Semi-automatic segmentation has recently been suggested as a tool for quickly sectioning the lungs or the COVID-19 lesions, enabling the extraction of the radiomic features in order to improve the prediction of several clinical endpoints, including ICU admission, need for ventilators [
5,
6,
7,
8,
9,
10], and severe vs. critical conditions [
9]. However, only a limited number of papers have investigated patient mortality as an outcome, often having only a relatively limited patient cohort or a short patient follow-up [
5,
6,
7,
8,
9,
10].
The former limitation is likely related to the manual nature of the segmentation methods used in the papers published, which represents a very time-consuming task. During the pandemic, various semi-automatic segmentation COVID-19-dedicated tools became available; therefore, the performance of Machine Learning models built on the radiomic features extracted was investigated, using one of these tools for predicting mortality in a high-risk COVID-19-positive group.
2. Materials and Methods
2.1. Study Design
The study, regarding the prognostic value of radiomic features, was conducted and included all patients suitable for analysis, according to the guidelines of the Declaration of Helsinki. The study was approved by the Institutional Review Board (or Ethics Committee) of the IRCCS University Hospital of Bologna (protocol code no. EM949-2020_507/2020/Oss/AOUBo, approved on 16 September 2020).

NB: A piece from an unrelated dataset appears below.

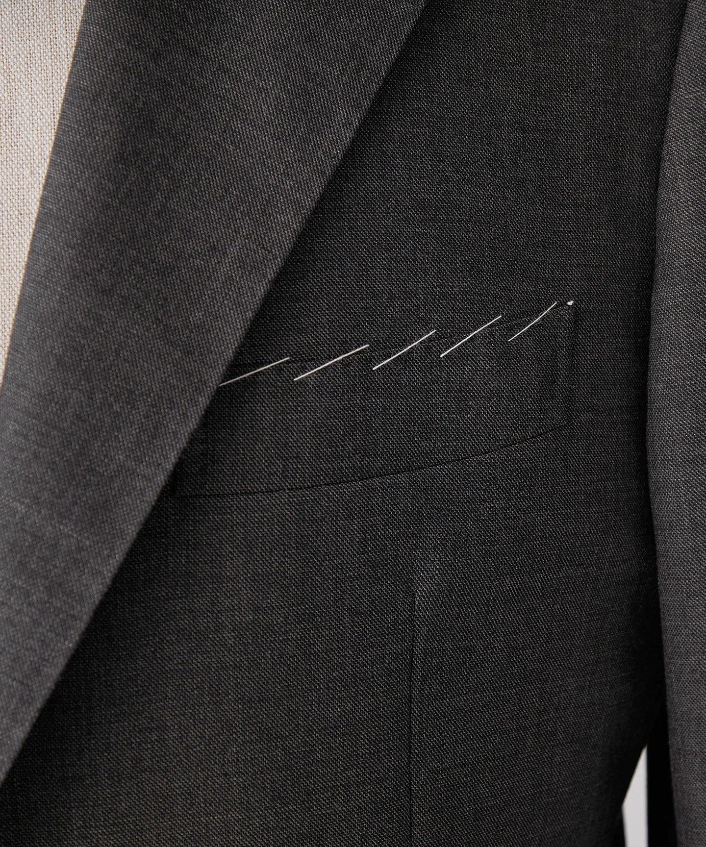 Made with sharkskin material produced by the domestic company Miyuki Woolen Mills.

All patients identified according to the inclusion/exclusion criteria before the Ethics committee approval were included retrospectively, while the remaining population (after 16 September 2020) was included prospectively; informed consent forms were obtained. All the clinical data were retrieved from an ad hoc clinical database for SARS-CoV-2 patient management, while the radiological data and CT chest images were retrieved from structured reports and Digital Image Communication in Medicine (DICOM) files available from the Radiology Information System (RIS) and Picture Archiving and Communication System (PACS), respectively.
2.2. Patient Cohort
The patient cohort was made up of a subset of patients, confirmed positive for COVID-19 using RT-PCR, admitted to the IRCCS University Hospital of Bologna–Polyclinic Sant’Orsola-Malpighi (IRCCS AOSP), redirected from neighboring hospitals from February 2020 to March 2021 since the authors’ Institute is a regional emergency hub capable of managing patients at high risk of SARS-CoV-2 infection [
11]. Consequently, the present cohort of hospitalized patients was considered at high risk irrespective of the referring hospital.
Chest CT scan findings (radiological and radiomics) and the clinical data available at patient admission were used to develop a predictive model of patient mortality.
The inclusion criteria were the following: having a chest CT scan with slice thicknesses of between 1 and 1.25 mm without contrast medium acquired after patient admission and recorded on the RIS-PACS of the IRCCS AOSP associated with radiological findings, and a complete set of clinical baseline information including RT-PCR positivity to COVID-19. When multiple CT scans were available, only that closest to the date of admission was analyzed.
The duration of hospitalization is reported in
Supplementary Materials Table S1 according to patient outcome as well as period of first diagnosis (first or second wave). Moreover, the days elapsed between the CT scan and the hospitalization date were not statistically significantly different (
p-value = 0.29) using a standard
t-test comparing patients by outcome. The average days of survival were 21 and 14 in the patients hospitalized in the first and second wave, respectively; this difference showed a trend (
p-value = 0.074), indicating that patients with severe disease were better selected during the second wave, albeit with expected improvement in the treatment strategies available over time.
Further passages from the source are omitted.